食事を終え、最後の佐藤先生からのお話を聞きました。自然体験をしている人は、していない人に比べて、意欲が高くなる割合が高くなるとの話でした。確かにこのような体験をすると、私自身も体を動かすことにより、脳も活性化し、前向きな気持ちになります。私たち大人も、デスクに向かいじっと仕事をしていることが多いのですが、体を動かすといいアイデアも浮かんでくるようです。このような体験は私たち大人にも、たまには必要だと感じました。この次は、大人のための自然塾、というのも面白いかもしれません。

自然塾 最終日

 3日目、最終日。この日のメインの活動は、ピザ焼き体験です。その前に時間もありましたので、最後の田舎暮らし体験をしました。田んぼに行き、その周辺での草刈、そして、炭つくり体験です。草は事前に機械を使って除草したものを、まとめておく作業でした。その後の炭つくりが、印象的。ひごろ私たちはバーベキューをするにも、近くのホームセンターに行き、できたものを購入しますが、ここでは、炭まで作ってしまいます。2日目夜のバーベキューでは、佐藤先生が作られた炭を使いました。どのように作るのか知りませんでしたので、いい勉強になりました。ドラム缶にもみがらを入れ、その中に木を並べていきます。もみがらに火をつけ、後はじっくりと蒸し焼きにしていくという感じです。丸一日はかかるようで、仕上がりを見ることはできませんでしたが、何から何まで、無駄にすることなく、あるものを利用しての生活に感心しました。

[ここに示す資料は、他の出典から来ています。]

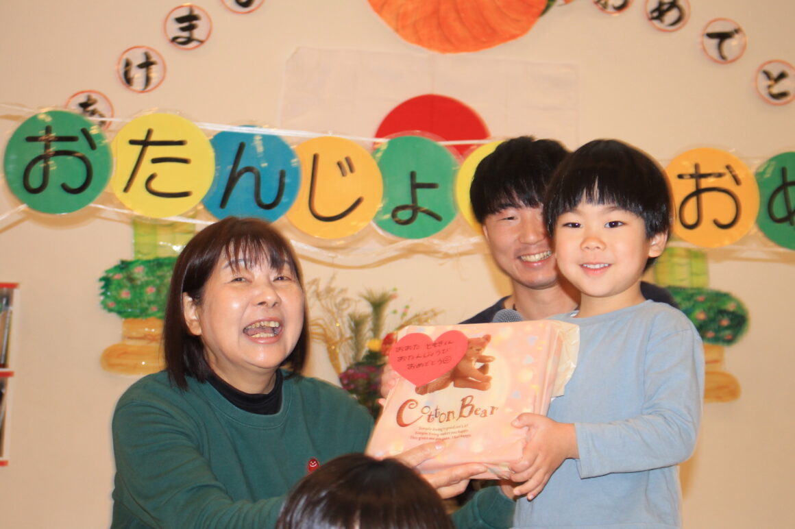 1月のお誕生日会と鏡開きをおこないました。 まずは、お誕生日のお友だちの登場です!(^^)! プレゼントをも…

 11時頃から、ピザ作りの準備ができ、全員でピザの生地を伸ばし、トッピングする作業から始めました。生徒たちも思い思いのトッピングをし、かなり贅沢なピザを作っていました。トッピングが終わると、石釜にピザを入れ焼きます。この作業は、かなり高温になり、危険ということで、大人にやってもらいましたが、仕上がったピザを食べ、どの生徒も満足そうでした。

自然塾を終えて

 あっという間の3日間でした。自然の中での活動は考えれば考えるほどたくさんあります。その中の一部を体験したに過ぎません。この活動を通して、もう少し時間が取れればと感じました。1週間、1ヶ月など。体験ですので、まだ楽しいだけで終わっているところもあります。しかし、田舎暮らしは続けているうちにさまざまな困難も出てくると思うのです。そのような困難に打ち勝つ力が真の意味での生き抜く力にもつながると考えます。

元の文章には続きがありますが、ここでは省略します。